Aasta accompanied me to the door. It was dark outside; white mist hung over the fields, and above the northern sky you could glimpse traces of light from the floodlit church. I was full of Kåre’s story, of his brief but apparently carefree life. I asked her if she knew anyone who could tell me any more. She had to give the matter some thought. In the end, she shook her head. She was the only person. She said:

‘You know, they’re all dead.’

After Olav and Johanna died she had tended Kåre’s grave every summer until it had been levelled. That happened during the 1990s. She had given her blessing. And, of course, one can understand why. Everyone had gone. The entire little family. There was nothing left.

Oh yes, there was. Something was left: Johanna’s spinning wheel.

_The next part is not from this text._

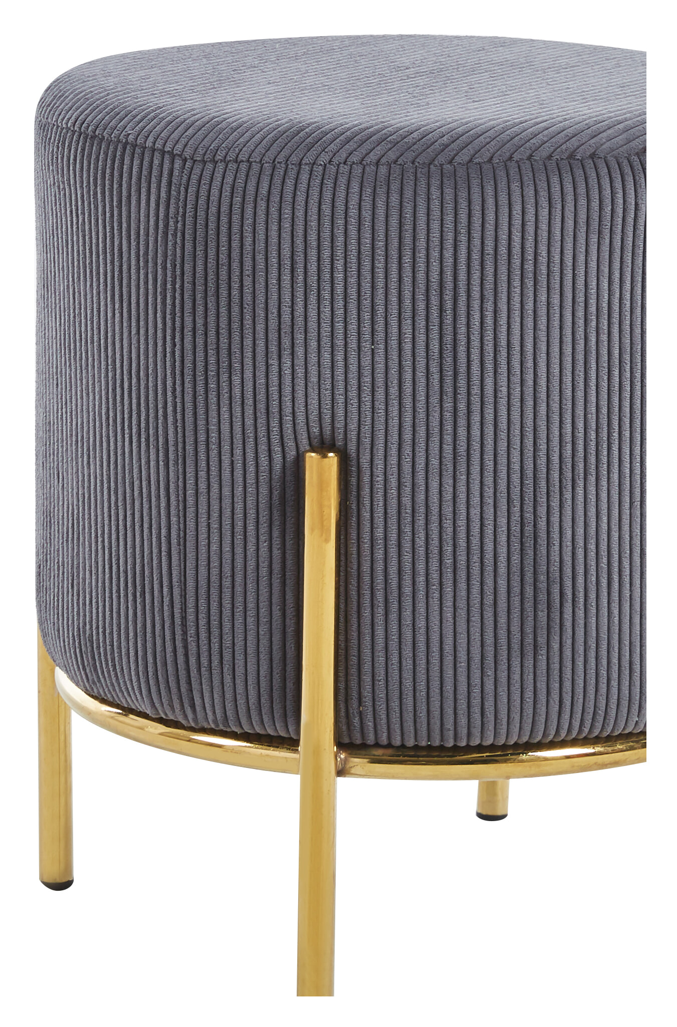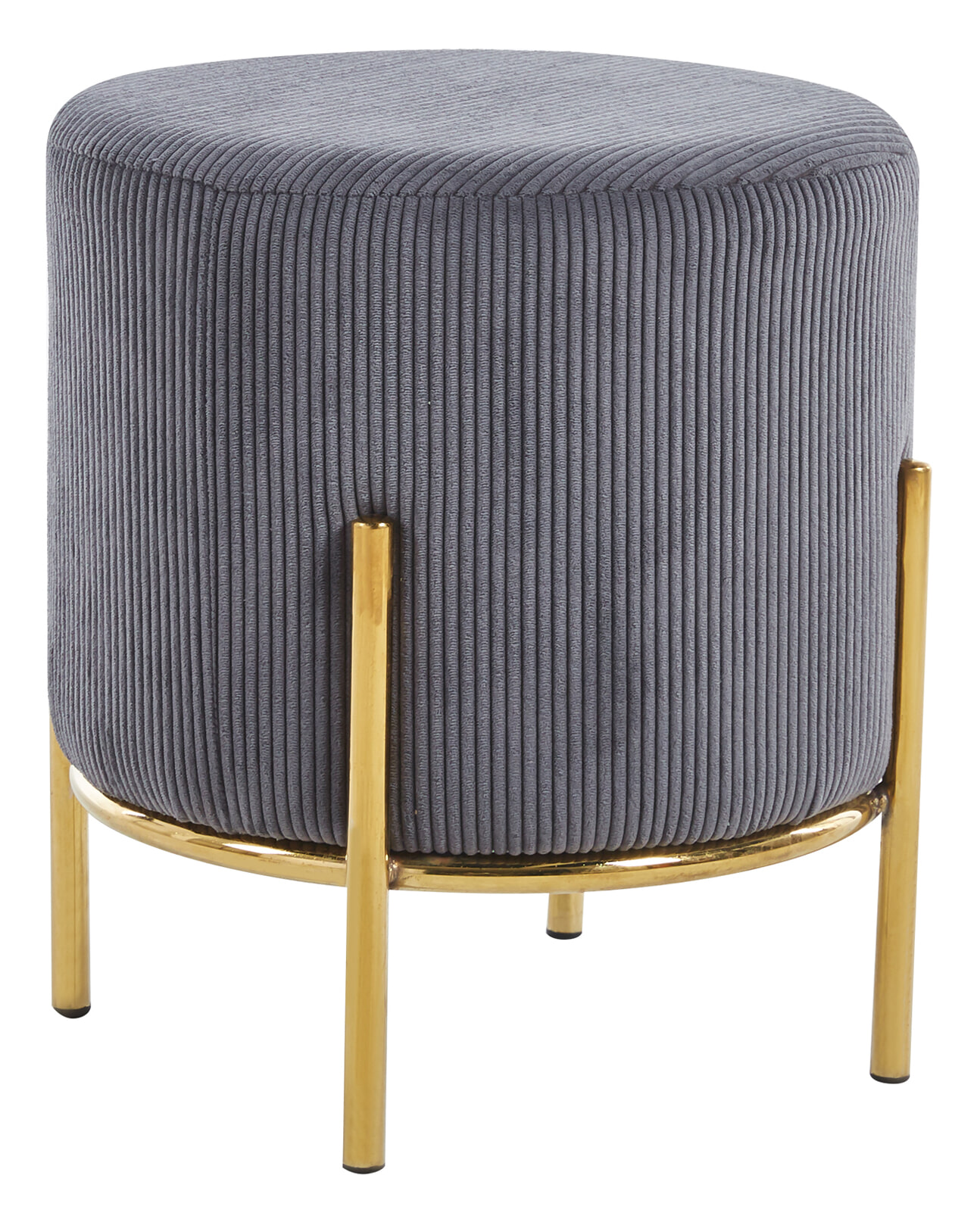 Als er spontane gasten komen, is extra zitruimte altijd een welkome zegen. Als dit er ook nog eens stijlvol uitziet en ruimtebesparend werkt, dan heb je een ideale designgenoot voor bank en zithoek. De kruk in ribfluweellook met een diameter van de zitting van 35 cm biedt precies deze combinatie van aantrekkelijk uiterlijk en functioneel gebruik. Hier kun je extra gasten op laten zitten of je voeten opleggen in volledige ontspanning. De zachte corduroy stof geeft de kruk een moderne uitstraling en de karakteristieke naden zorgen voor een interessante verschijning. Het design frame met hoge poten is gemaakt van goudkleurig metaal en maakt de look helemaal af.

Before I went I gave Aasta a hug. For a few brief seconds we stood in the darkness gently holding each other. Then I walked the short distance home. It was murky now and quite cold. The first frost could not be far away. I thought of all the times I had walked this route as a child. After I had passed Aasta and Sigurd’s house it would be pitch black right until I reached the letter boxes. It was a stretch of approximately half a kilometre and my heart was in my mouth every time. The road led first through the spruce forest in Vollan, then opened up. When I was a child I used to sing my way through the trees and all the way to the stream that flowed beneath the road and cascaded down the rocks on the other side. I would be on my way home from a meeting at Von Youth Club, where we had been taught about the damaging effects of alcohol; however, alone in the darkness, I would forget all about the abdominal pains and going green in the face and being abandoned by your entire family. At that very moment I was just filled with a chilling terror, and I hoped that singing would ward off the man I feared might suddenly loom up before me in the night. I sang and sang, an exalted medley of songs from the youth choir, Samantha Fox and Michael Jackson. It was ‘What a Mighty God We Have’, ‘Nothing’s Gonna Stop Me Now’ and ‘Bad’, all mixed up. The crucial thing was that I sang. That there wasn’t a second’s silence. And that I kept it going as far as the waterfall. That was the dividing line. If only I could get past that I was saved.